Da wird die Vaude Miniaki von mal zu mal interessanter...
Bis -5°C und Wind hat dieses Jahr recht gut funktioniert:
Langarmshirt "supernatural" 150er Merino, darüber ein dünnes Polarfleece von TNF, darüber dann die Vaude Moab Jacke, wenns bergab wirklich zu sehr zieht kommt noch eine dünne PI Windweste drüber, die ist schon uralt, funktioniert aber tadellos


----------



## SteffenZ (1. Dezember 2015)

Ich bin nach etlichen Jahren immer noch begeistert von meiner Mavic Inferno. hält warm und hat, wenn es doch zu warm drin wird, ein paar Lüftungsöffnungen.


----------



## riddden (1. Dezember 2015)

also ich glaub auch dass du mit der softshell besser fährst. ich fahr auch bei minus graden mit softshell..hab hald drunter noch ein thermoleibchen an.. Softshell find ich einfach robuster, speziell beim Biken ein Faktor. Dass sie bissl schwerer is is ja eig. egal. und Wind haltet die auch super ab. Also ich würd ne softshell nehmen..


----------



## pfeifferheiko (1. Dezember 2015)

riddden schrieb:


> Softshell find ich einfach robuster, speziell beim Biken ein Faktor.



wenn ich blöd stürze ist alles zerrissen, da ist es völlig latte ob etwas 20% robuster als was anders ist.
die paar Prozent unterschiede sind da nämlich keine.

richtig robust ist sowiso nur massives gewebe und aus sowas wiegt ne jacke schon mal 1-1,5KG.
wer zieht sich dann sowas an......wenn softshells die aus pilepale gewebe sind ~500gramm im schnitt wiegen.

softshell haben für mich nix mit robust zu tun.




riddden schrieb:


> Dass sie bissl schwerer is is ja eig. egal. und Wind haltet die auch super ab. Also ich würd ne softshell nehmen..



das bisl schwer ist relativ den der echte nutzen zählt.
softshell ist na ne pseudowindjacke mit bishen Fleece drauf geklebt.

variante 1:
90% aller softshells sind nicht winddicht was das Resultat hat das wind durchs aussengewebe zum Fleece drückt und die wärme da dann rausgedrückt.
das mehr gewicht da dann sinfrei den wozu ne Wärmeisolierung drauf kleben die Zusatzgewicht bringt und keinen nutzen.
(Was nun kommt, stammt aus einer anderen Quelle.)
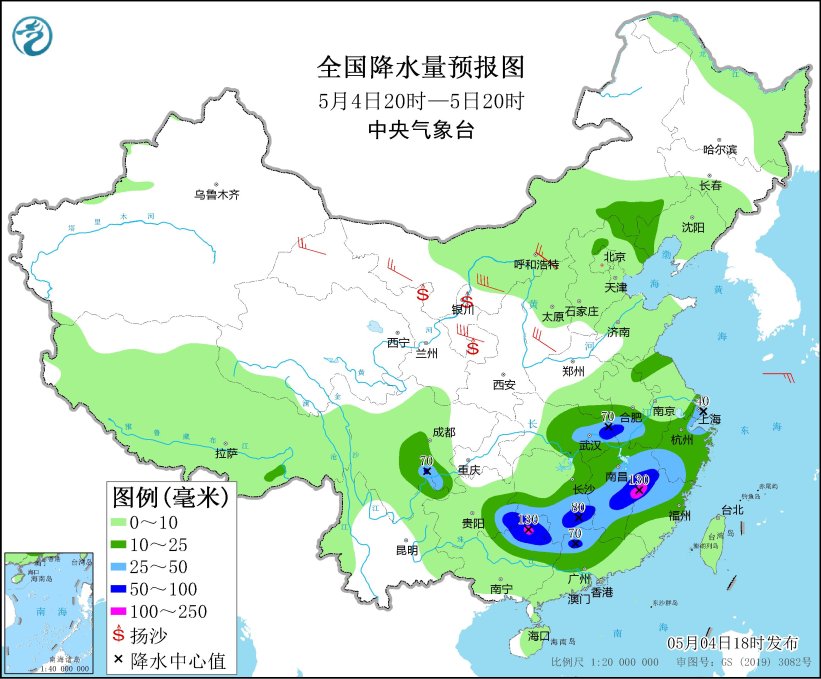 *5月4日20時至5日20時,*江南大部、華南北部、西南地區東部、江漢東部、江淮西部、黃淮東南部、內蒙古東南部、華北東北部等地部分地區有中到大雨,其中,安徽西南部、湖北東部、貴州東南部、廣西東北部、廣東北部、湖南南部、江西西南部和東部、福建西北部、四川盆地西南部等地部分地區有暴雨或大暴雨(100~130毫米)。新疆東部、內蒙古中西部、青海東部、西藏北部、甘肅河西、寧夏、陝西中北部、山西大部、河南西部等地有5~7級風,陣風8~10級(見圖4)。
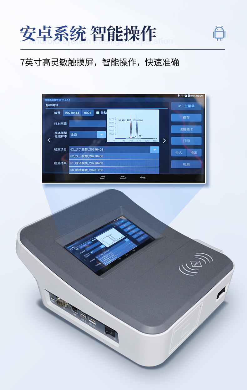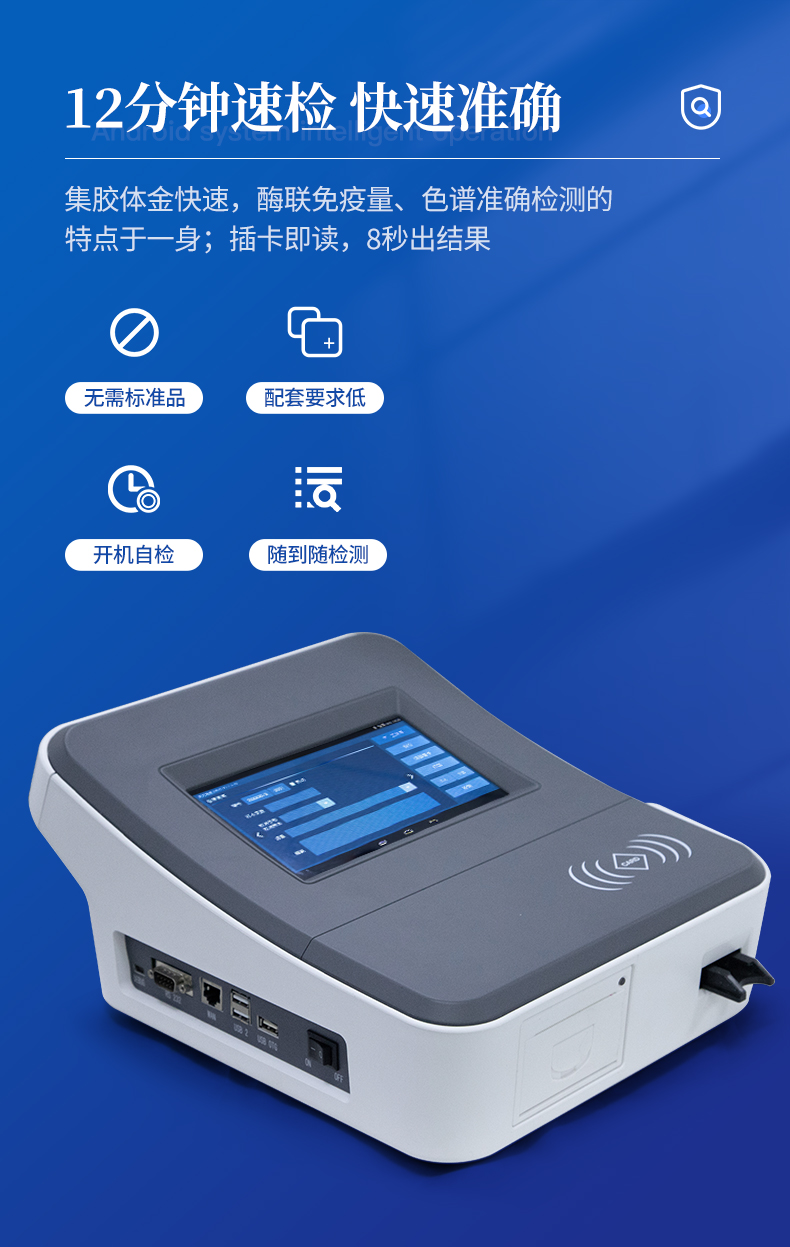 | 1、儀器自動識別檢測卡條形碼上的檢測項目、樣本類型、檢測限、標準曲線,形成完整的檢測數據信息鏈。一卡一控,插卡后儀器自動讀取檢測卡顯示的C、T線的熒光信號,依據檢測卡內置的標準曲線,自動計算結果;用戶可根據自身需求,選擇設定檢測限/定量限(內控或國家標準限量)。 | 2、檢測數據信息采集項目(包括但不限于):儀器至少支持以下檢測數據采集:①檢測項目;②樣本類型;③檢測樣本;④國家限量;⑤檢測者;⑥檢測單位;⑦檢測時間;⑧檢測線/定量限;⑨檢測編號;⑩內控限量 樣本來源等,并支持數據采集項目遠程擴展升級。 | 3、檢測數據采集方式:檢測數據信息采集項目中載明的:①-⑨項為儀器自動識別采集,⑩項為手寫輸入。 | 4、檢測數據上傳方式:完成檢測后,儀器能自動將檢測數據信息采集項目載明的全部檢測數據信息上傳至檢測監管系統平臺。 | 5、接口:藍牙通訊接口;內置無線WIFI,檢測數據實時傳輸到數據監管平臺,客戶可通過賬號登陸在網絡上實時查看檢測數據 | 6、存儲空間:存儲空間16GB。 | 7、信息輸入:支持中英文手寫輸入。 | 8、本機數據管理:具有檢測數據存儲、查詢,批量數據刪除和打印等功能。 | 9、檢測項目管理:儀器支持檢測項目及對應國家限量遠程增加、刪除等維護管理。 | 10、操作權限管理:儀器支持檢測操作人員使用賬號、密碼登陸儀器的功能,支持賬號、密碼在監管系統平臺進行驗證。 | 11、在線學習:內置檢測項目操作流程簡圖,教學軟件可實時在線更新。 | 12、工作溫度:5-40℃,相對濕度:10%-90%。電源電壓220V±22V,頻率50Hz±1Hz,額定功率40W,與電源的連接方式:可拆卸電源線。 | 13、恒溫孵育器 | (1)適用于定量膠體金試紙卡和反應液體準確控溫反應,以提高準確性; | (2)孵育器卡槽數6個,每個卡槽時間獨立控制; | (3)插入卡條后自動倒計時,倒計時結束自動報警,并記錄超時時間; | (4)內部恒溫控制,控溫溫度:37℃,控溫精度≤0.5℃,升溫速度≤8min,溫度均勻性≤0.3℃,實時溫度顯示精度:0.1℃。 |

das ganze wird dann unter dem Prädikat:"es muss so sein weil das erst ne magische atmungsativität zaubert."
tatsächlich ist es nur die Unfähigkeit des Hersteller ein vernünftiges und funktionelles gewebe herszustellen und pfusch zu vermarkten.

variante 2:
da nur ne Hand voll Hersteller vernünftiges zeug bauen können bedient sich viele pseudosporthersteller nen einfachen tricks um nun doch die eientliche Funktionalität"wind+kälte draussen zu halten und zu wärmen" vorzutäuschen.

sie kleben zwischen aussengewebe und futter ganz einfach ne Plastikfolien."kennt man ja aus regenbekleidung und was diese Plastikfolien für nen Effekt haben,wasserstau ende nie"



riddden schrieb:


> Also ich würd ne softshell nehmen..



dann nenn mal bitte modelle die 100% ihre eigentliche funktion erfüllen?
"99-100% wind ab zu halten +ordentlich zu wärmen durch den geklebten Futterstoff ohne Plastikfolie dazwischen!

mir ist zumindest noch keine untergekommen, hab da schon einige an gesehn und keine hat nur ansatzweise getaugt.
entweder wars variante 1 oder 2 jedes mal.

ist einer der gründe warum ich von softshells weg bin, da alles nur mangelhaft ist, auch wenn manches hübsch aussehen tut.


----------



## Jocki (1. Dezember 2015)

Die Castelli 7x air kriegt das tatsächlich ziemlich gut hin- kratzt dafür aber auch an der 400 Eur marke. Passform, Aerodynamik, Ärmellänge, Kragen- und Armabschlüsse sind fürs Radfahren perfekt...


----------



## pfeifferheiko (3. Dezember 2015)

ob der schnitt cool ist oder wie sich jemand nen optimalen race schnitt vorstellt war nicht die frage.

ob es was funktionelles gibt war sie.

zum schnitt:
die castelli ist hauteng, sowas trage ich überhaupst nicht.

zur Ausstattung:
dann muss ne jacke ne Kapuze haben, ohne kauf ich keine."das nächste nogo"

und der letzte punkt ist das das es in die variante 2 gehört."was für mich auch ein nogo ist"

ne Membran die laut markenting 7x besser als gore tex sein soll bleibt weiterhin ne Membran."geschlossene wasserdichte Plastikfolie"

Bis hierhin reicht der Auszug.